Medicaid care management programs represent a federally authorized but state-administered framework through which states deliver coordinated health services to enrolled beneficiaries, particularly those with complex medical, behavioral, or social needs. Each of the 50 states and the District of Columbia operates at least one care management initiative within its Medicaid program, with structural variations driven by waiver authority, state plan amendments, and managed care contracting. Understanding these programs requires distinguishing between federal funding mechanisms, delivery system models, and target population definitions — distinctions that carry significant consequences for beneficiary access and provider reimbursement.



Definition and Scope

Medicaid care management programs are structured interventions within state Medicaid programs that assign care managers, coordinators, or interdisciplinary teams to beneficiaries identified as high-risk or high-need. The Centers for Medicare & Medicaid Services (CMS) defines care management in the Medicaid context through multiple regulatory pathways, including 42 CFR Part 438 for managed care organizations and 42 CFR Part 441 for home- and community-based services waivers.

The scope of these programs encompasses preventive, chronic disease, transitional, and behavioral health care management functions. As of the CMS Medicaid Managed Care final rule published in 2016 and subsequently amended, states operating managed care programs must contractually require health plans to maintain care management functions for high-risk populations (CMS, 81 FR 27498).

Across fee-for-service and managed care delivery systems, care management scope varies. Fee-for-service states may rely on Primary Care Case Management (PCCM) structures, while managed care states delegate care management responsibilities to contracted Managed Care Organizations (MCOs). The Kaiser Family Foundation's State Health Facts documents that all 50 states and D.C. have some form of Medicaid managed care enrollment, though the degree to which managed care covers specific populations differs substantially by state.

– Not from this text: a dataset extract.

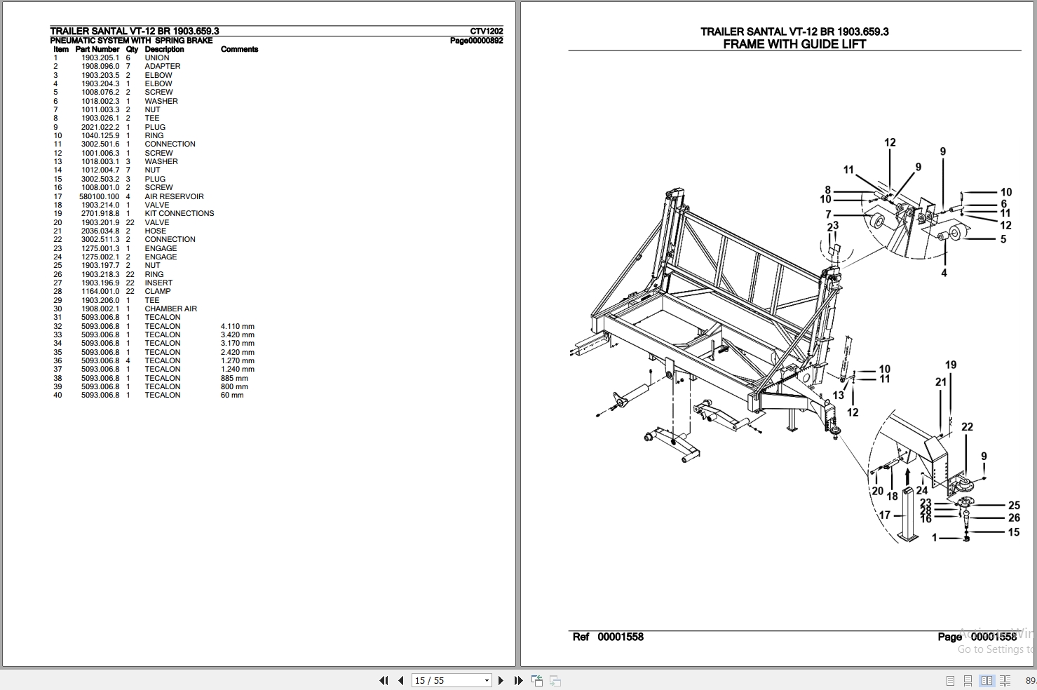 Valtra Trailer Santal VT-12 BR Parts Catalog PDF CTV1202 Data Size: 2.04 MB File Type: PDF Language: English Manufacturer: Valtra Applicable Machine: Material Handling, Trailer Document: Parts Catalog Machine Model: Valtra Santal VT-12 BR Trailer Serial Number: 1903.659.3 Page: 55 Pages List Contents: Elevator Frame Lifting And Cesto Transmission Spring Brake Wheel Assy Brake Master Pneumatic System With Spring Brake Frame With Guide Lift Conjunto Tandem - A Partir Da Série 2014v0679 Conjunto Eixo Com Freio - A Partir Da Série 2014v0679 Hydraulic System Lifting Hydraulic Cylinder Tilting Hydraulic Cylinder Hydraulic Pump Command 2 Elements Kit Lubrication Kit For Coupling Hydraulic Pump Syst. Hydr. Whit Valve 4 Way- Single Hydraulic Oil Reservoir Hydr.Syst. Independent For Pneumatic Control Kit Lubrificação Do Quadro A Partir Da Série 2015v000150 Kit Lubrificação Do Cesto A Partir Da Série 2015v000150 Electrical System

For a broader orientation to how care management models are classified nationally, the page on care management models and frameworks provides comparative context.

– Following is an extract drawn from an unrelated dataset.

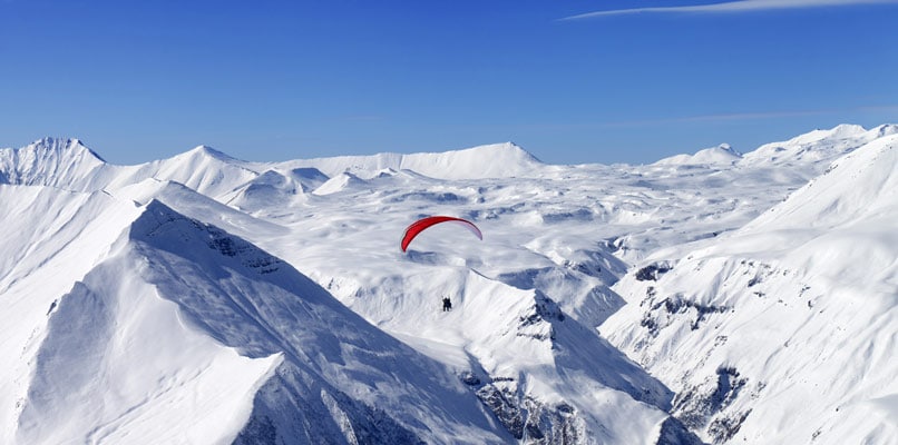 Между вершинами самых высоких гор в Европе расположился грузинский горнолыжный курорт Гудаури.

Core Mechanics or Structure

State Medicaid care management programs operate through three primary structural mechanisms: (1) Primary Care Case Management, (2) Managed Care Organization contracts, and (3) Section 1915(b) and Section 1115 waivers.

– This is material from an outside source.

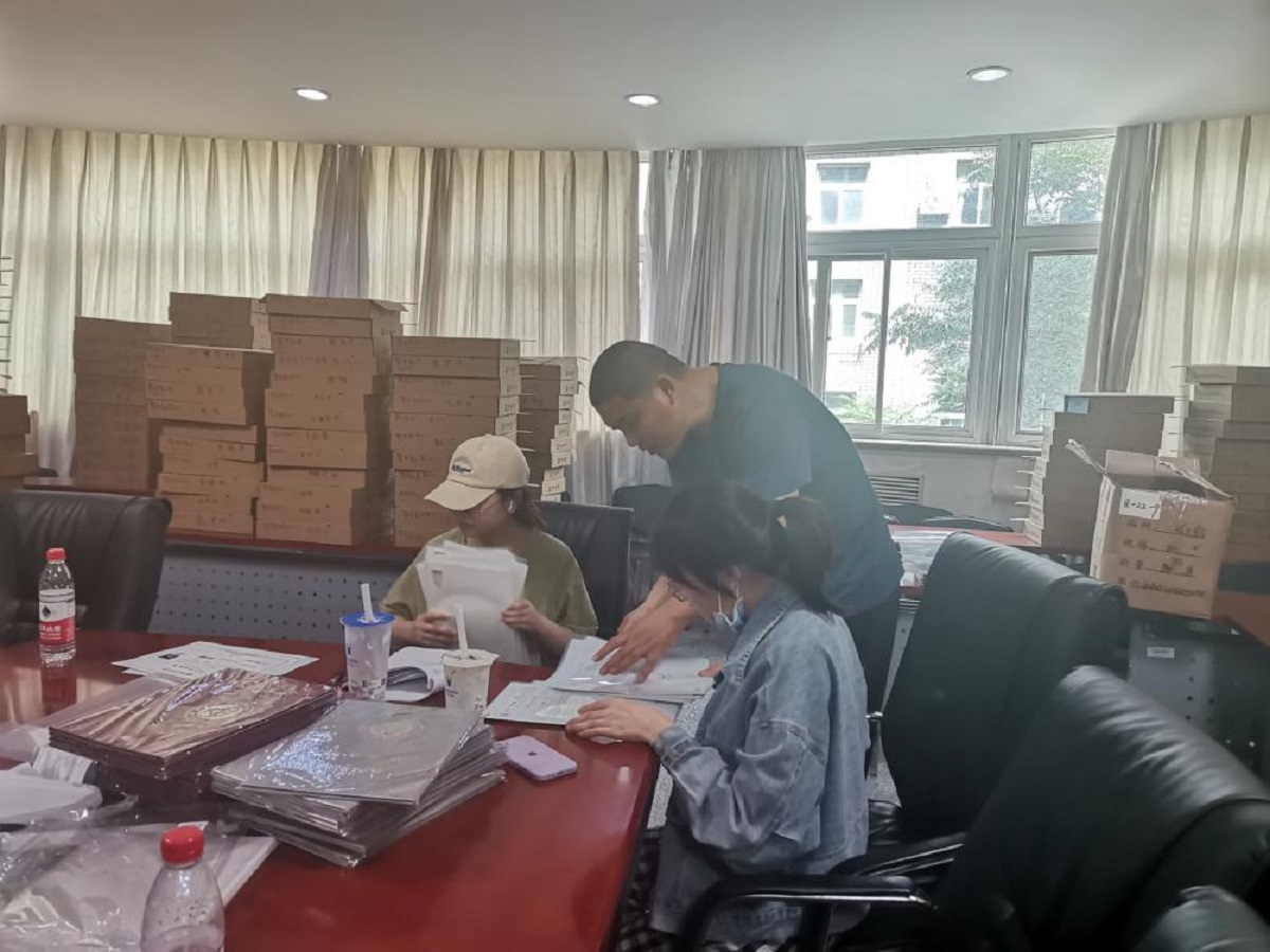 在材料整理打包过程中,公司各位老师纷纷化身“打包员”、“快递员”,分工协作、耐心审核、细心整理、精心打包......用最有力的行动、最真挚的情感、最质朴的付出为全体毕业生提供暖心周到的服务,助力这场特殊的“毕业寄”,努力让员工感受到“家”一样的温暖。

Primary Care Case Management (PCCM): Under PCCM, states pay a primary care provider a monthly management fee — typically between $2 and $5 per member per month (CMS, Medicaid PCCM Resource Guide) — to serve as the beneficiary's care coordinator. The provider authorizes referrals and manages utilization. Enhanced PCCM (PCCM-E) models allow states to add population health management activities, telephonic outreach, and risk stratification functions.

Managed Care Organization (MCO) Contracts: States contracting with MCOs under 42 CFR Part 438 must include contract provisions specifying care management standards. Federal regulations require that MCO contracts address identification of members with special health care needs, assessment protocols, and individualized care plans. CMS's 2020 Medicaid Managed Care rules clarified that states must ensure MCOs provide care management to members with complex conditions.

Waiver-Based Programs: Section 1115 Demonstration Waivers allow states to test alternative delivery models, including integrated care for dually eligible populations (individuals enrolled in both Medicare and Medicaid). Section 1915(c) waivers fund Home and Community-Based Services (HCBS) with embedded care coordination requirements. The Medicaid.gov waiver database lists all active demonstrations by state.

Risk stratification is integral to care management program mechanics. Beneficiaries are stratified into tiers — commonly low, medium, and high risk — based on claims data, diagnosis codes, pharmacy utilization, and social needs screening. Risk stratification in care management describes the algorithmic and clinical methodologies underlying this process.

Causal Relationships or Drivers

State variation in Medicaid care management program design is driven by three documented causal factors: federal waiver flexibility, state political economy, and Medicaid population demographics.

Federal Waiver Flexibility: CMS grants states discretion through Section 1115 and Section 1915 waivers to deviate from standard Medicaid rules. This flexibility allows states to impose enrollment requirements, test global payment models, or integrate behavioral and physical health services. The number of active Section 1115 waivers exceeded 50 as of data published by Medicaid.gov, with multiple states holding multiple simultaneous demonstrations.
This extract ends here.